It was a pitch strong enough to enthuse Lachlan Murdoch, a friend of Mr Miller who at 22 was named general manager of the Queensland newspapers and had a long affiliation with the market.
But the idea was detested by others, including co-head of News Corp at the time, Peter Tonagh, and global chief financial officer Susan Panuccio, who rejected it on the basis that it would lose the company a lot of money.
This week’s restructuring was predictable. It was foreshadowed by this masthead in April when it reported News Corp had hired Deloitte to work on a restructure. Back in 2012, when former News Corp CEO Kim Williams attempted to centralise the company’s operations with the help of consultants, he was removed from his job. How things have changed.
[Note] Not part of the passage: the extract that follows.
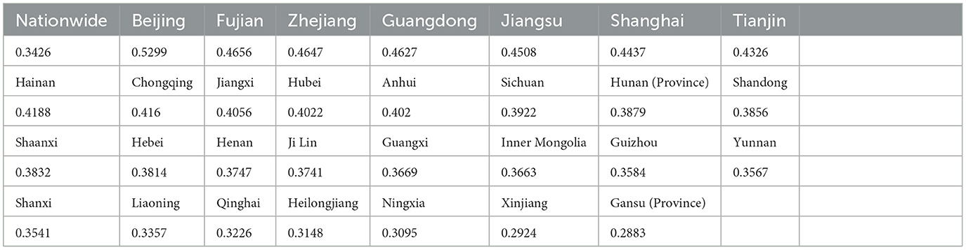 The growth rate in 2012 was −0.011084, showing negative growth, or due to the lack of systematic mechanisms for realizing the value of ecological products, policy and practical paths to be explored, and limited implementation effects. In 2013, the growth rate turned positive to 0.105514 due to the central government's proposal of “building a beautiful China,” the inclusion of ecological civilization in the national strategy, and local pilot projects such as ecological compensation. In 2014, the growth rate reached 0.383104, which was the peak of the stage, due to the issuance of the “Opinions on Accelerating the Construction of Ecological Civilization,” which clarified the requirements for realizing the value of ecological products, accelerated the implementation of local ecological red lines and other policies, and the increase in academic research publications providing support for practice. In 2016, the growth rate was 0.077040. Based on the policies of 2015, the supporting policies of the Overall Plan for Ecological Civilization System Reform began to take effect, and the pilot program for ecological product value accounting was launched. In 2017, the growth rate was 0.172556, and the implementation of GEP accounting and other practices has been promoted, resulting in significant achievements in policy implementation. In 2018, the growth rate was 0.032949, or due to the implementation of the mechanism entering an adjustment period, some pilot projects entered the adjustment stage. The growth rate in 2019 was 0.007848, close to stagnation, which may be affected by insufficient policy implementation depth. The growth rate in 2020 was 0.079452, with a slight rebound. With the continuous promotion of ecological civilization construction, local understanding and implementation of mechanisms have been strengthened. The growth rate in 2021 was 0.001475, slightly decreasing again, possibly due to marginal diminishing effects of some policies. The growth rate of 0.216344 in 2022 has significantly rebounded, which may be related to the deepening of the “dual carbon” target and the further improvement of the mechanism for realizing the value of ecological products, and the enhancement of policy synergy.

Within two years of the APN acquisition the value of the newspapers it acquired had been written down substantially. Subsequently, Mr Miller and key executives have invested time and money into developing a strategy for the titles to make them less reliant on print advertising revenue.
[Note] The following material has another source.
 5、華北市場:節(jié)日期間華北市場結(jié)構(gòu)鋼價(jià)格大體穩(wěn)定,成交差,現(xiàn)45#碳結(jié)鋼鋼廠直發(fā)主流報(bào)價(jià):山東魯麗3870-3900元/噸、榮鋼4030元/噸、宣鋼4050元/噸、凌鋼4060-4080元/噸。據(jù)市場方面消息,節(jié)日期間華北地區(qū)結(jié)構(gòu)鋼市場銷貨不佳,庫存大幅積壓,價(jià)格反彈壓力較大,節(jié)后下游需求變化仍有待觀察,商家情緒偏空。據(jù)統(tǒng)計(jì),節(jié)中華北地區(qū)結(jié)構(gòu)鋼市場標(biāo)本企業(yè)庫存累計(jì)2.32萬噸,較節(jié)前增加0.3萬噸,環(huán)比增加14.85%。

Eales in 2018 told trade press website Mumbrella that it was working – people in regional and local communities who had previously received newspapers for free were “increasingly willing” to pay for a subscription. “Local content is unique because you can’t get it from anywhere else – no-one else is dedicating resources to reporting on local crime, council, transport or lifestyle at a grassroots level in the way local titles do,” he said at the time.
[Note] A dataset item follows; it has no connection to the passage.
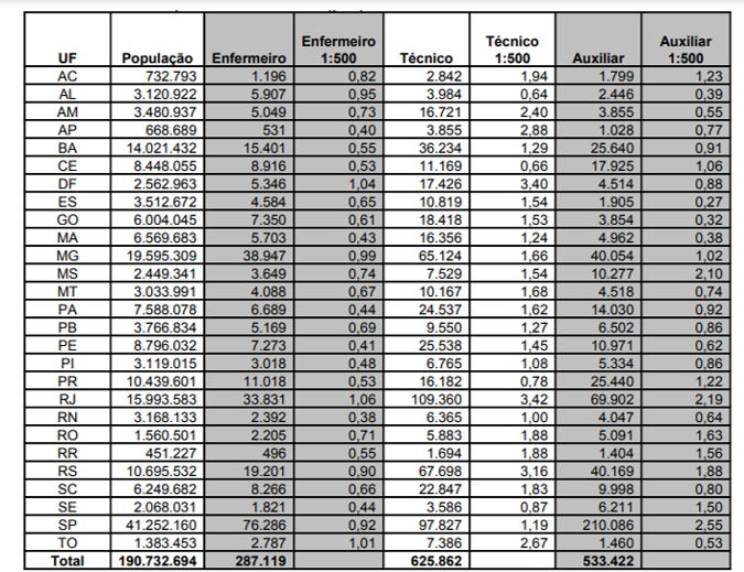 A tabela abaixo mostra a quantidade de profissionais de enfermagem, técnicos, auxiliares, por habitantes nos estados brasileiros.

Even now, after multiple attempts to sell the regional publishing division, Mr Miller is adamant that this strategy has worked. “Damian the futurist, he is right,” Mr Miller said on Thursday. “He has backed it and what we’ve seen is that people do subscribe for the issues that are most important to them.”
But while the restructure will inevitably relieve some of the financial pressure News Corp is facing, it will come at a price for Australia’s media landscape.
Derek Wilding, co-director of UTS’ Centre for Media Transition, said last week that closures, particularly of regional papers, would cause more problems for the industry.
“One is that there is a risk to diversity in the sense that in terms of numbers there are fewer providers of Australian news,” Mr Wilding said.